RAWALPINDI: The capital may be a city starved for authentic desi culinary experiences, but next door in Pindi, one single street has delectables on offer to satisfy even the more voracious of appetites.

Kirtarpura Main Bazaar in the heart of the garrison city is perhaps best known for the ‘food street’ near Banni Chowk. Just off Saidpur Road, the area is abuzz with activity all day long and, due to construction on the metro bus, so congested that it is a nightmare to negotiate.

But this is Ramazan and shopkeepers mostly open house after taraveeh prayers.

As clocks strike midnight, the narrow lane that has come to be known as the Banni food street comes alive. Vats of delicious nihari, massive cauldrons of steaming paye, the sizzle of spicy pathooras on industrial-scale woks and the cries of various food mongers hawking their wares greet you as you walk into the alley.

Just around the corner from the food street is the famous Bala Tikka House. Bala, or Iqbal, has been tantalising Pindiites’ taste buds for as long as most people can remember.

His karahi is the stuff of food lore and his secret is variety. You can have a normal chicken karahi or one cooked in butter. You can order barbequed kebabs and boti, or you can have them cooked in desi ghee and served as a karahi; the options are seemingly endless.

Bala does great business all year round, so it’s little surprise that things pick up over Ramazan as well. But owners of smaller outlets inside are inundated with ravenous visitors, all pining for a taste of the delicacies on offer.

(Clockwise from top) Cooks hand out servings of delicious paye; food-lovers throng Kala Khan’s famous nihari joint; and, a traditionally-dressed worker prepares lassi.— Photos by Khurram Amin
(Clockwise from top) Cooks hand out servings of delicious paye; food-lovers throng Kala Khan’s famous nihari joint; and, a traditionally-dressed worker prepares lassi.— Photos by Khurram Amin

Another one of Kirtarpura’s culinary institutions is Kala Khan, the nihari-wallah. An unassuming hole-in-the-wall from all appearances, the legend of Kala Khan is as dense as his gooey, Karachi-style nihari. Priding themselves on cooking with only the finest mutton, this establishment has a cult-like following and many Pindiites swear by the quality of the nihari in Kala Khan’s cauldron. It is no surprise then that the man behind the food usually goes through his entire stock within the span of a few short hours at Sehri time.

The food street’s tandoors too are a class apart. Boasting unheard-of specialties such as ‘Chicken Roghni Naan’ and ‘Qeema Roghni Naan’, everything here promises a full stomach and massive amounts of grease; the key ingredients to any desi dining experience.

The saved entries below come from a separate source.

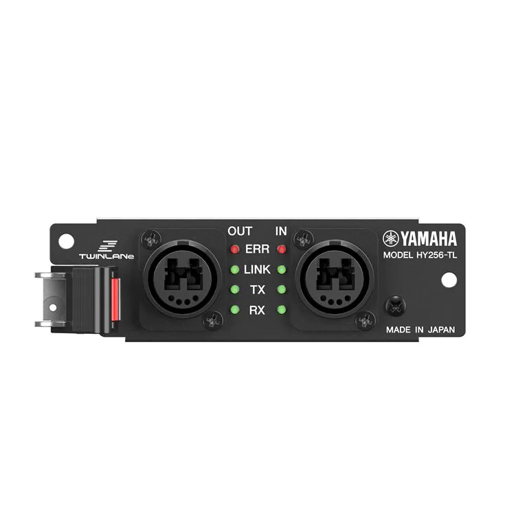 The HY256-TL is a digital I/O card that supports Yamaha’s TWINLANe audio network protocol. Up to 256 simultaneous input and output channels at 96 kHz/32 bits are available, and multi-mode fiber connections ensure reliable operation. Data can be reliably transferred between cards over distances of up to 300 meters.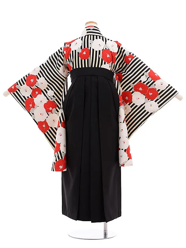 小学生 卒業式 袴レンタル(女の子)9620黒ストライプ椿×黒袴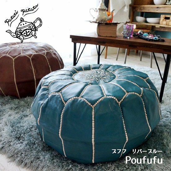 patati patata モロッコから直輸入!山羊革のプフ<プフフ リバーブルー>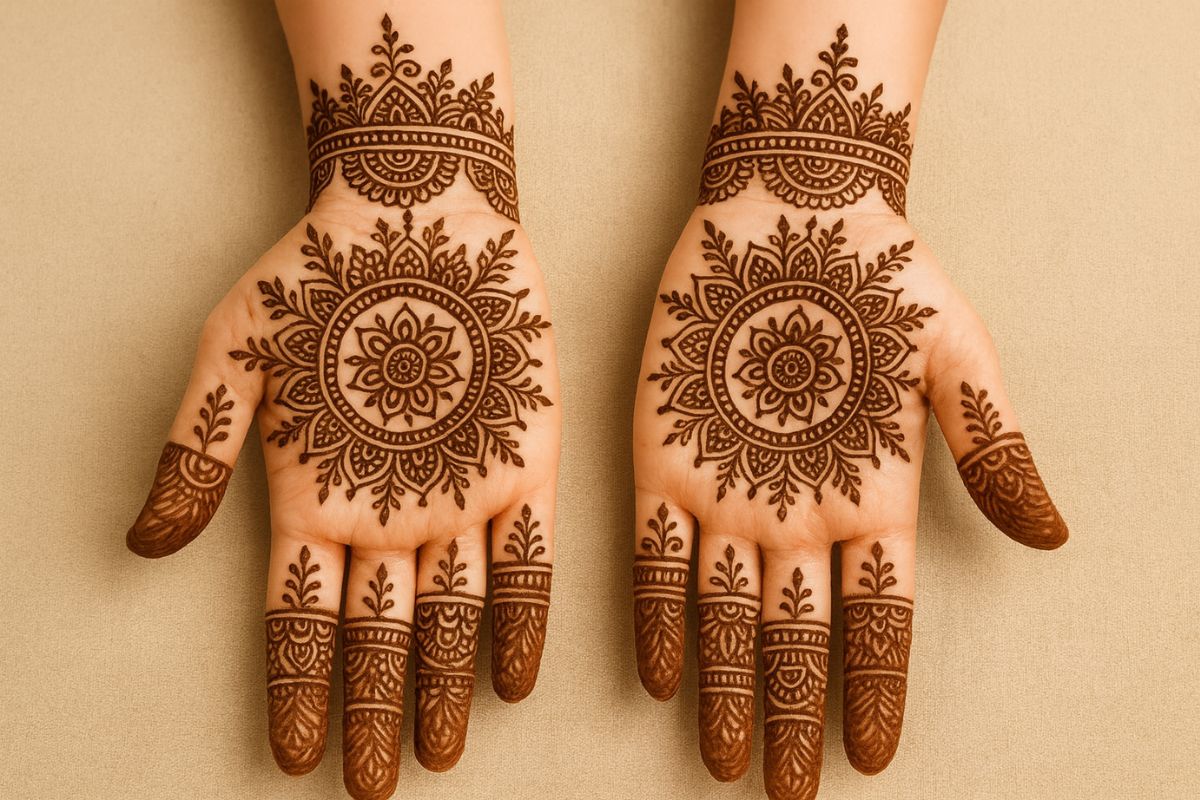 यह एआई मेहंदी डिजाइन दोनों हथेलियों पर बने सिमेट्रिकल मंडला पैटर्न के साथ बेहद सुंदर और क्लासिक लुक देता है. बारीक लाइन वर्क, गोल फ्लोरल डिटेलिंग और फुल फिंगर फिल डिजाइन इसे शादी, त्योहार और खास मौकों के लिए परफेक्ट बनाते हैं.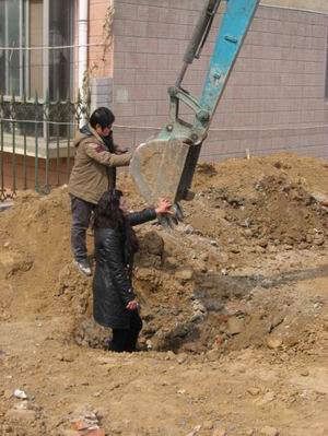 可聞訊趕到的施工方負(fù)責(zé)人厲聲拒絕了她的要求,堅持讓挖掘機(jī)繼續(xù)開挖,聲稱他們租賃挖掘機(jī)的費用是200元/小時,若采用人工挖掘至少要3個小時,不僅耗時長效率低,還要照樣支付租賃費。在施工方負(fù)責(zé)人的嚴(yán)令下,挖掘機(jī)重新開動,張牙舞爪地晃動著巨大的鏟子緩緩前行。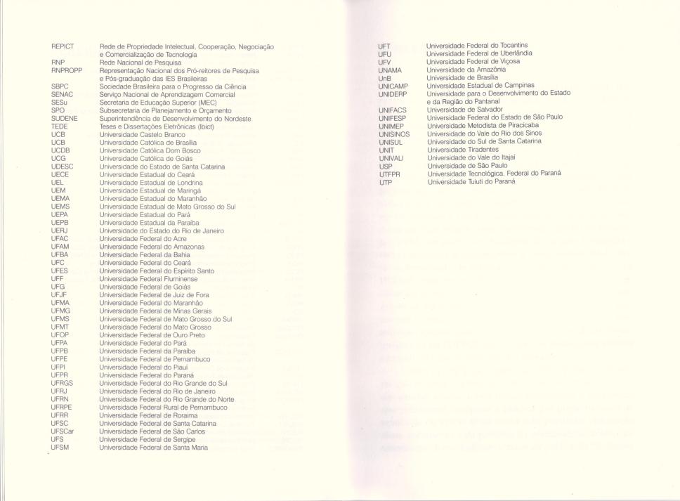 Lista de abreviaturas no livro Memória do Fórum de Pró-reitores de Pesquisa e Pós-graduação das Instituições de Ensino Superior Brasileiras.

Makhni Chana and saag, grilled fish and barbequed chicken, creamy lassi and refreshing rose sherbet, kheer, firni, sweetmeats of all kinds: you’ll find it all here.

It is an hour before Sehri time ends and Suhail Ahmed is happily munching on some nihari. He says Kirtarpura has become a sort of informal food street because the ‘officially designated’ food street at Shamsabad hadn’t really taken off.

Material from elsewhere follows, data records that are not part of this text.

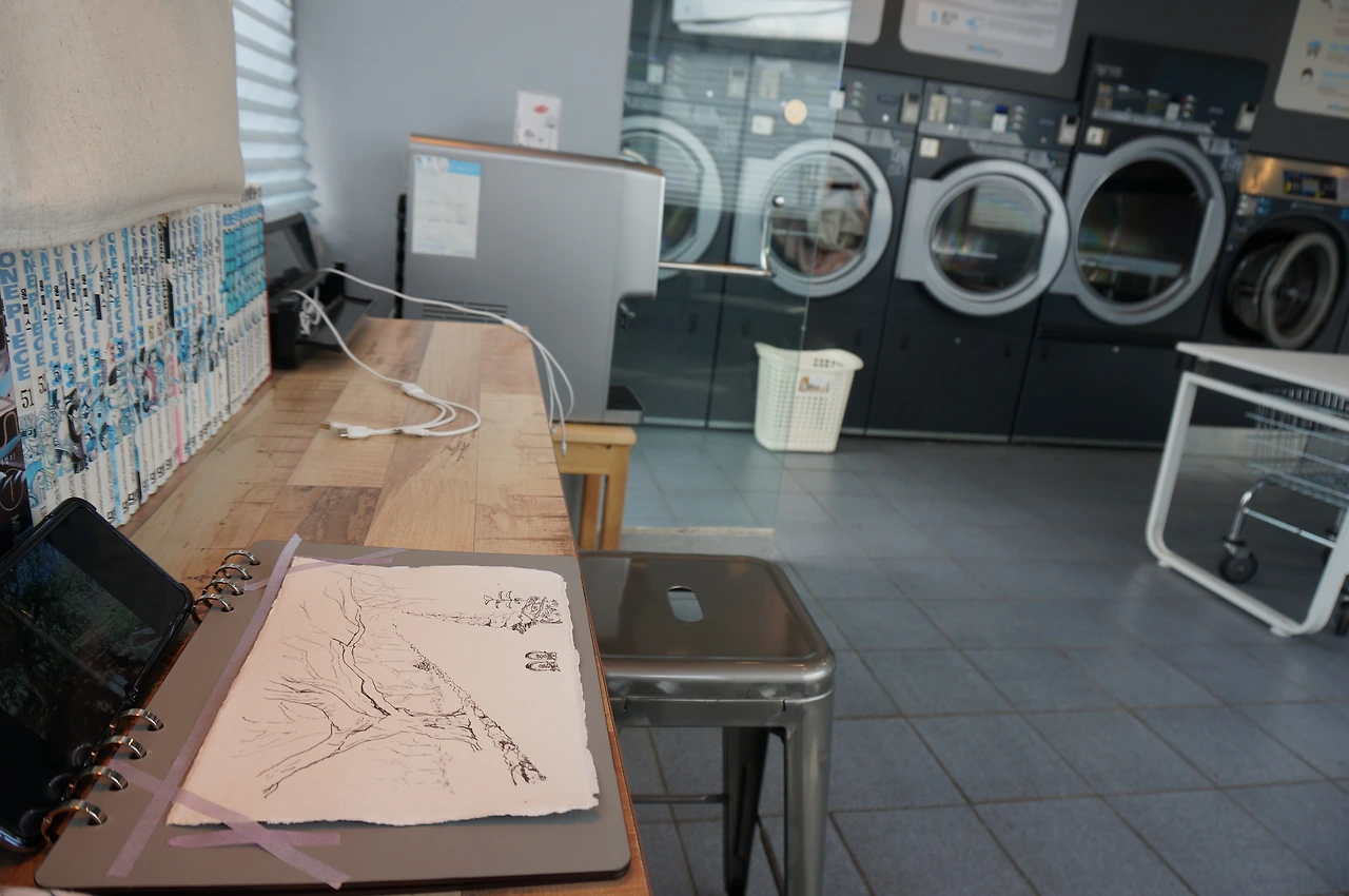 빨래하는 동안 그림을 그리면 좋을 것 같아서 챙겨 온 종이와 펜을 꺼낸다. 숲에 갔을 때 그림으로 그려두고 싶은 풍경이 있었지만 상황이 되지 않아 휴대폰으로 찍어둔 사진도 찾는다. 오랜만에 펜을 드니 어디서부터 시작해야 할지 고민이다. '일단 시작하면 된다.'던 말이 떠올라 가장 의미를 두고 찍은 나무는 제쳐 두고, 사진 속 끝에 찍힌 내 운동화를 먼저 그린다. 내가 그 속에 있었음을 알 수 있는 유일한 흔적이니. 운동화부터 그리기 시작한 그림이 의연한 나무를 그리고, 길을 표현할 때쯤 빨래가 다 되었다는 것을 알아차린다. 이 세탁기는 세탁이 완료되어도 집에서처럼 소리로 알려주지 않는다.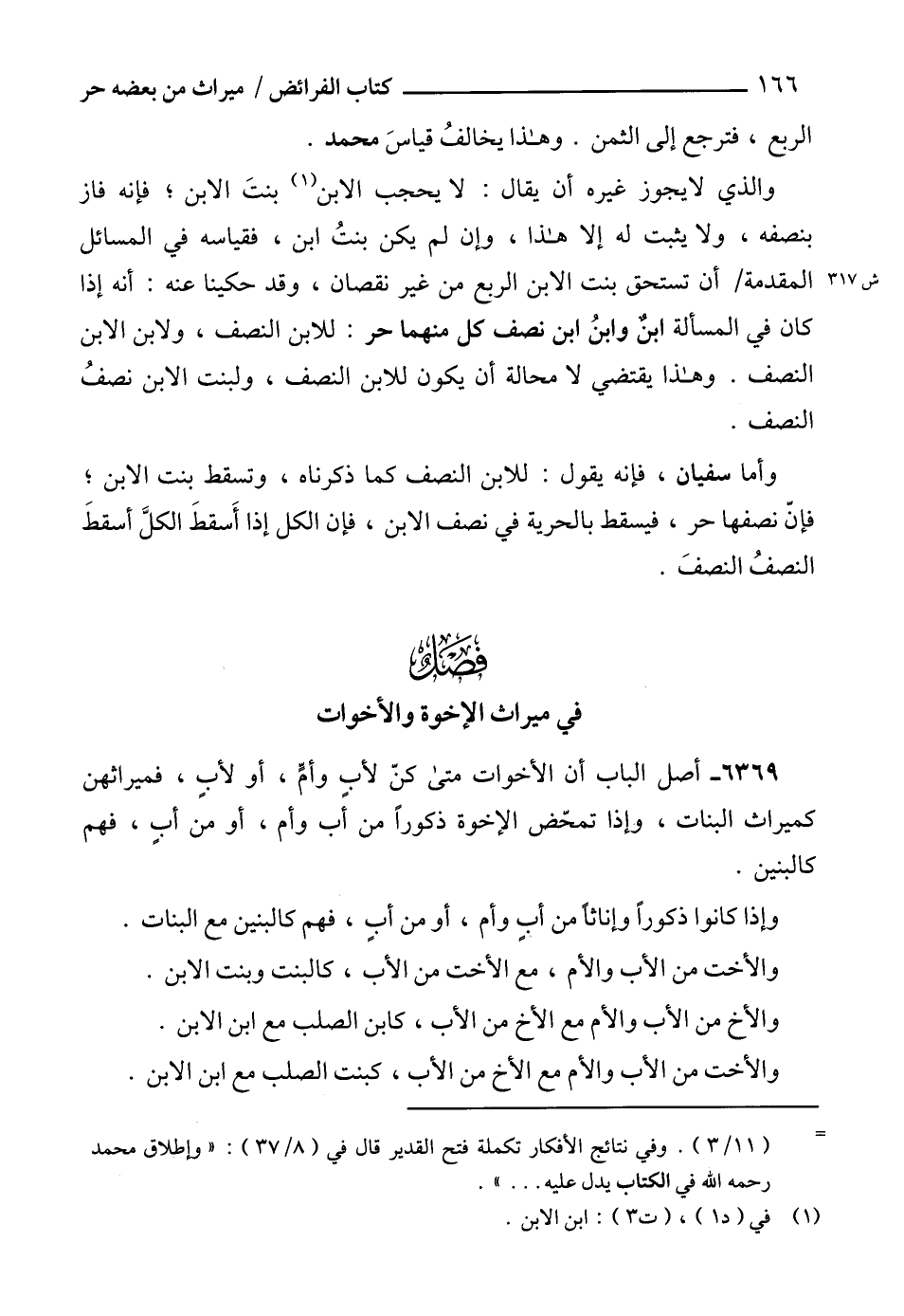 والذي لا يجوز غيره أن يقال: لا يحجب الابن (1) بنتَ الابن؛ فإنه فاز بنصفه، ولا يثبت له إلا هذا، وإن لم يكن بنتُ ابن، فقياسه في المسائل المقدمة أن تستحق بنت الابن الربع من غير نقصان، وقد حكينا عنه: أنه إذا كان في المسألة ابنٌ وابنُ ابن نصف كل منهما حر: للابن النصف، ولابن الابن النصف. وهذا يقتضي لا محالة أن يكون للابن النصف، ولبنت الابن نصفُ النصف.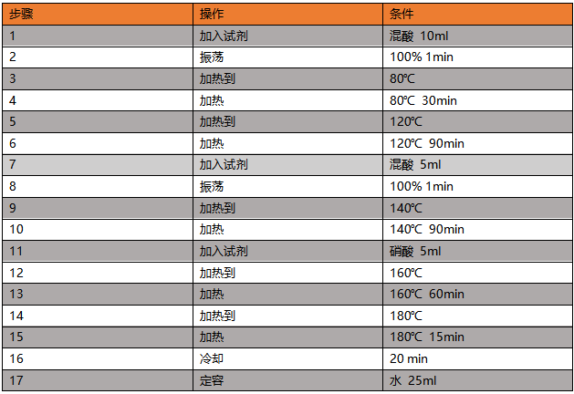 稱取樣品約0.5g于消解管中,放置在消解架上。分別加入混酸10ml(硝酸、高氯酸混合7:1),100%振蕩強度一分鐘。在80度溫度下,預(yù)消解半小時。升溫至120度1.5小時,補加5ml混酸,升溫至140度1.5小時,補加5ml硝酸,升溫至160度一小時,升溫至180度15min趕酸,至白煙冒盡。方法如下: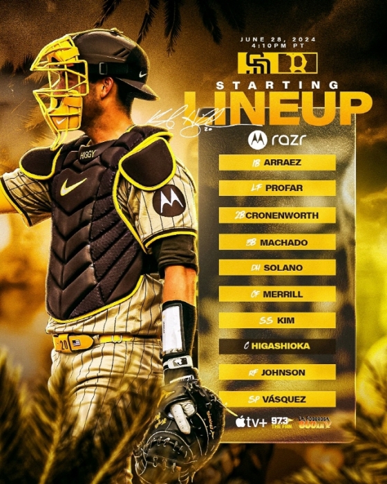 샌디에이고는 이날 루이스 아라에즈(1루수)-주릭슨 프로파(좌익수)-제이크 크로넨워스(2루수) 매니 마차도(3루수)-도노반 솔라노(지명타자)-잭슨 메릴(중견수)-김하성(유격수)-카일 히가시오카(포수)-브라이스 존슨(우익수)으로 선발 라인업을 꾸렸다. 선발 투수는 랜디 바스케스.

He and ten of his friends, fresh from a Ramazan night cricket match, said they had had their fill of food and drink for Rs2,200, a pittance compared to the exorbitant rates charged by most restaurants in the twin cities.

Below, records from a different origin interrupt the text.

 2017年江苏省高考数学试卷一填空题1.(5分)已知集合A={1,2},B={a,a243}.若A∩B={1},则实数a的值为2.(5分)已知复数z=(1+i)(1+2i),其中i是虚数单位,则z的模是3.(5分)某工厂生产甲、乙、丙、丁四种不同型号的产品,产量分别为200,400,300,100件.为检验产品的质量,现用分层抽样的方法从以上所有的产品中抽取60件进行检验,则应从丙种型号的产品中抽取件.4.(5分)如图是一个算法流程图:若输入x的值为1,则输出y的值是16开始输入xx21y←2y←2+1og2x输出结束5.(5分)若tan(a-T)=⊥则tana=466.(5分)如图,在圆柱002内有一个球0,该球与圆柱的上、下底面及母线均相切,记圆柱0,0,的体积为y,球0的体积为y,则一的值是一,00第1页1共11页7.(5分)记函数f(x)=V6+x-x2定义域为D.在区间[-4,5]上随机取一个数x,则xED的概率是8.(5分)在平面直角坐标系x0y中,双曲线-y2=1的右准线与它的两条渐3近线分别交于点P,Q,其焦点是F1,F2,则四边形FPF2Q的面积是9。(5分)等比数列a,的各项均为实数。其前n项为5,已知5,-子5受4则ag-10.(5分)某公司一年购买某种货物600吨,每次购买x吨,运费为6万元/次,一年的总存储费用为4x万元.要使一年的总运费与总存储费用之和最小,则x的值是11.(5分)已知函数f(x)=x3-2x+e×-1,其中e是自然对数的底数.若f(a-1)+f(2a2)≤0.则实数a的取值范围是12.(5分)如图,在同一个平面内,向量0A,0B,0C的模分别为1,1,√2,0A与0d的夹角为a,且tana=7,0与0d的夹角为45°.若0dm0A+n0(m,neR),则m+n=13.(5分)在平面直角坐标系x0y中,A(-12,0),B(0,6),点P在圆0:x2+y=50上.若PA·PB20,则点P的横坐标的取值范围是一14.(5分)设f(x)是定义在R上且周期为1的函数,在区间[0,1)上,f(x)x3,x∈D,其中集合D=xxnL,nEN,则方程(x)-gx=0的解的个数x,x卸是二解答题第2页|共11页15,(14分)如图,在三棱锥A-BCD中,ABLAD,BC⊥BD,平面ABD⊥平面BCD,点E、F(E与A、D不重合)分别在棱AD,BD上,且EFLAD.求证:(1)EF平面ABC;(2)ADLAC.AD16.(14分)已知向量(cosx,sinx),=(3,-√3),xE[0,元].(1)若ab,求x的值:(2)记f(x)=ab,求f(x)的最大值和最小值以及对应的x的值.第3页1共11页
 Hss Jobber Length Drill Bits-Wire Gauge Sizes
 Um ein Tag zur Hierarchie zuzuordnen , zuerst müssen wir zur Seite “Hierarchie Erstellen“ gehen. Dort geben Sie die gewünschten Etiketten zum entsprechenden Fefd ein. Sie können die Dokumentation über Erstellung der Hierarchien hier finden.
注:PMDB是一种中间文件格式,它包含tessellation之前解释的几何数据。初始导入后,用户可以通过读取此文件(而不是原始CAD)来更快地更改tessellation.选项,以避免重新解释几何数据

Mohammad Khan, who sells crisp pathooras, told Dawn that Kirtarpura and Banni Chowk was famous for being a Hindu quarter before partition. This was where fairs and festivals were held and this area has always been abuzz with activity.

Samad Khan, a visitor from Islamabad, said he had a lot of friends from abroad who wanted to get a taste of traditional Pakistani food.

“So I bring them here because Kirtarpura showcases desi cuisine best,” he said.

Mohammad, whose family has living and worked here for over half a century, says that unlike Lahore, where the Punjab government made efforts to officially designate areas as ‘food streets’ as developed them, no such measures were taken for Kirtarpura.